Soeharto's family lawyer Juan Felix Tampubolon told the Post that during his several visits to the hospital, he had not heard Soeharto's family complain about the excessive media coverage.
Ignatius said other patients and their relatives who visited Pertamina Hospital could be disturbed by dozens of journalists overcrowding the building's main entrance every day over the past two weeks.
He said journalists "should know their place and not disturb the medical service provider's activities".
But one visitor to the hospital said he had "no problem" with journalists being at the hospital around the clock and said they seemed aware of hospital policies and rules.
"As a matter of fact, we (visitors) have a unique view with the journalists' activities here," Kemang resident Sugiono said.
Sugiono's family member was taken to hospital the same week as Soeharto.
"This is not something we can see every day," he said. (wda/uwi)
New Straits Times (Malaysia) Friday, January 18, 2008
Still in the minds, hearts of people
AS former president Suharto lies dying at the Pertamina Hospital here, he continues to stir the people with the deepest of emotions. From adoration to revulsion, people pray for his recovery even as victims of his regime protest on the streets.
With his condition fast deteriorating, former student activists, who ousted him in 1998, threatened to descend on the hospital by the thousands to demand justice for his alleged human rights abuses, that have killed hundreds of thousands.
"We want to surround Pertamina Hospital.

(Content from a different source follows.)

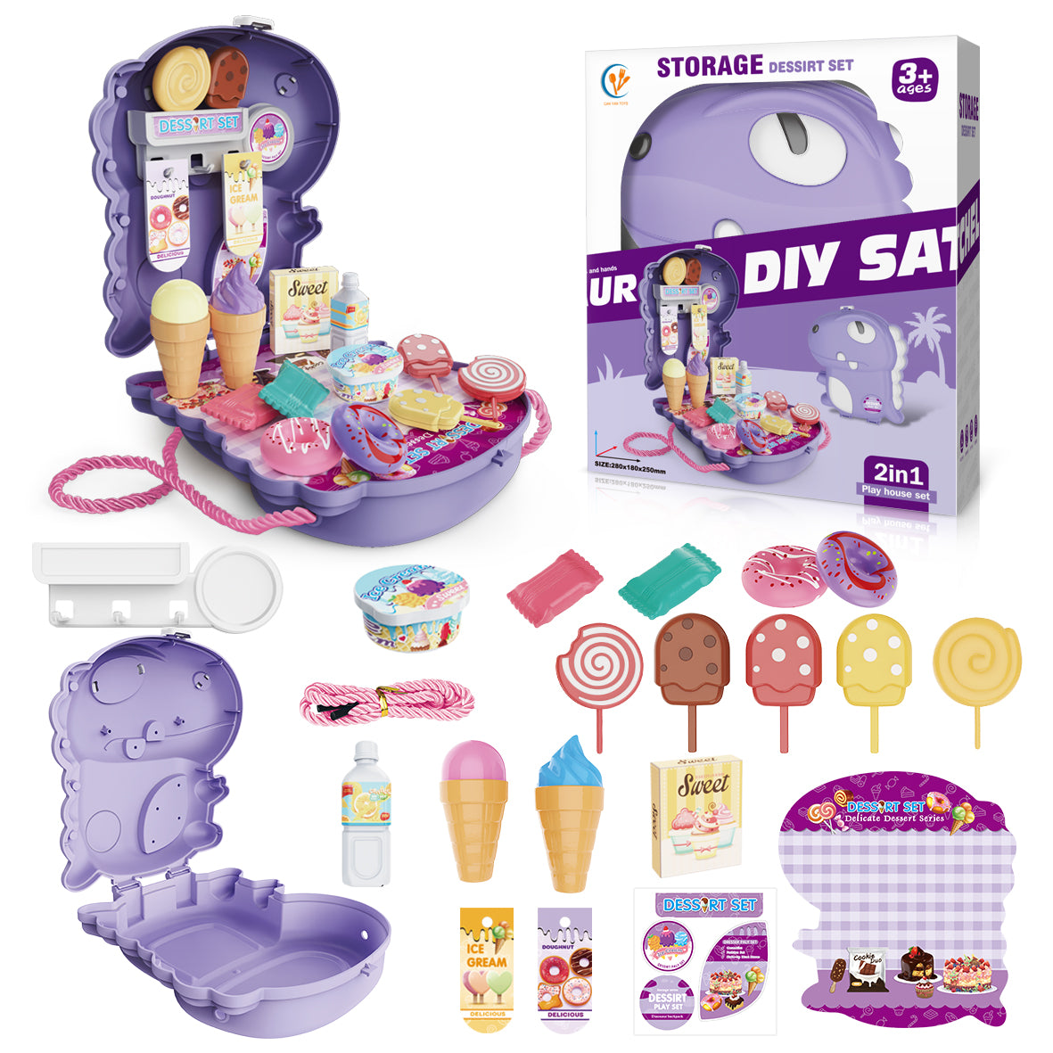 Delight in fun and creativity with the Cogo 2-in-1 Dessert Food Set & Dinosaur Backpack! This adorable purple dinosaur backpack opens up to reveal 21 sweet accessories, including ice cream, candy, and other dessert-themed items. Perfect for imaginative role-play, children can carry their treats in the dinosaur backpack while engaging in fun pretend play. This set helps develop social skills, creativity, and an understanding of sharing and playtime responsibilities.

We want to ensure that Suharto is brought to justice for all who died during his rule," former student leader Adian Napitupulu told the New Straits Times on Wednesday.
Adian was one of the student leaders who led thousands in street protests that toppled Suharto.
"To date, we have gathered 800 people and more are coming from greater Jakarta and West Java. We expect thousands," said Adian.
On the other hand, people are gathering in villages and provinces to pray for his recovery.
"I have been praying for Suharto to get well. I like Suharto very much. He did a lot for my village," said 35-year-old domestic worker Sumirah.
Suharto led the country with an iron fist for 32 years and is the longest-serving leader in Asia.
Suharto brought rapid development to the country, lifting millions from a life of poverty.
At the same time, he is accused of gross human rights abuses and amassing US$45 billion (RM147 trillion) in corrupt money.
Human rights groups accuse Suharto of overseeing an anti-communist purge that killed between 500,000 and a million people, including the ethnic Chinese minority, when he came to power in 1965.
This was followed by the death of 200,000 when Indonesia invaded and annexed Timor Leste in 1975 and thousands more during his regime's crackdown on dissent.
Suharto is suffering from multiple organ failure and has developed sepsis, a life-threatening blood infection. He is unconscious and on a ventilator.
A former minister pleaded with the public to leave Suharto alone.
"I wish they would leave Suharto and his family alone so they can care for their father in his last days," former environment minister Sarwono Kusumaatmadja told the NST.
"These reformists only have the moral right to judge Suharto's reign if they have something positive to contribute to the country. But what have they done, except make a mess of things," Sarwono added.